GENERATIVE MODELING HELPS WEAK SUPERVISION (AND VICE VERSA)

Abstract

Many promising applications of supervised machine learning face hurdles in the acquisition of labeled data in sufficient quantity and quality, creating an expensive bottleneck. To overcome such limitations, techniques that do not depend on ground truth labels have been studied, including weak supervision and generative modeling. While these techniques would seem to be usable in concert, improving one another, how to build an interface between them is not well-understood. In this work, we propose a model fusing programmatic weak supervision and generative adversarial networks and provide theoretical justification motivating this fusion.
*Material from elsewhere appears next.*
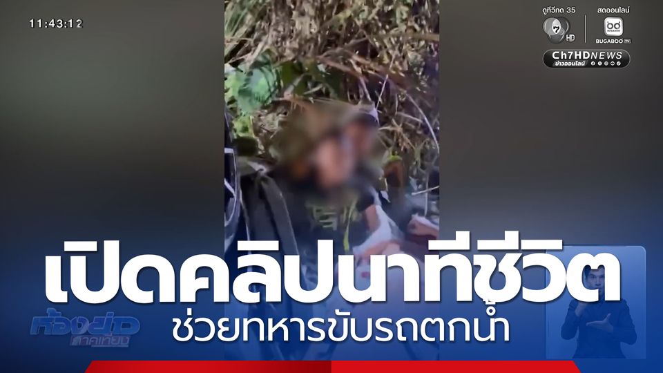ห้องข่าวภาคเที่ยง - เปิดคลิปนาทีชีวิต ที่เจ้าหน้าที่กู้ภัย ลุยน้ำ ทุบกระจก งัดประตูรถ ช่วยทหารขับรถเก๋งพลิกคว่ำตก ลงไปในคูน้ำข้างทาง จมมิดคัน

The proposed approach captures discrete latent variables in the data alongside the weak supervision derived label estimate. Alignment of the two allows for better modeling of sample-dependent accuracies of the weak supervision sources, improving the estimate of unobserved labels. It is the first approach to enable data augmentation through weakly supervised synthetic images and pseudolabels. Additionally, its learned latent variables can be inspected qualitatively. The model outperforms baseline weak supervision label models on a number of multiclass image classification datasets, improves the quality of generated images, and further improves end-model performance through data augmentation with synthetic samples.

1. INTRODUCTION

How can we get the most out of data when we do not have ground truth labels? Two prominent paradigms operate in this setting. First, programmatic weak supervision frameworks use weak sources of training signal to train downstream supervised models, without needing access to groundtruth labels (Riedel et al., 2010; Ratner et al., 2016; Dehghani et al., 2017; Lang & Poon, 2021) . Second, generative models enable learning data distributions which can benefit downstream tasks, e.g. via data augmentation or representation learning, in particular when learning latent factors of variation (Higgins et al., 2018; Locatello et al., 2019; Hu et al., 2019) . Intuitively, these two paradigms should complement each other, as each can be thought of as a different approach to extracting structure from unlabeled data. However, to date there is no simple way to combine them. Fusing generative models with weak supervision holds substantial promise. For example, it could yield large reductions in data acquisition costs for training complex models. Programmatic weak supervision replaces the need for manual annotations by applying so-called labeling functions to unlabeled data, producing weak labels that are combined into a pseudolabel for each sample. This leaves the majority of the acquisition budget to be spent on unlabeled data, and here generative modeling can reduce the number of real-world samples that need to be collected. Similarly, information about the data distribution contained in weak label sources may improve generative models, reducing the need to acquire large volumes of samples to increase generative performance and model discrete structure. Additionally, learning with weak labels may enable targeted data augmentation, allowing for class-conditional sample generation despite not having access to ground truth.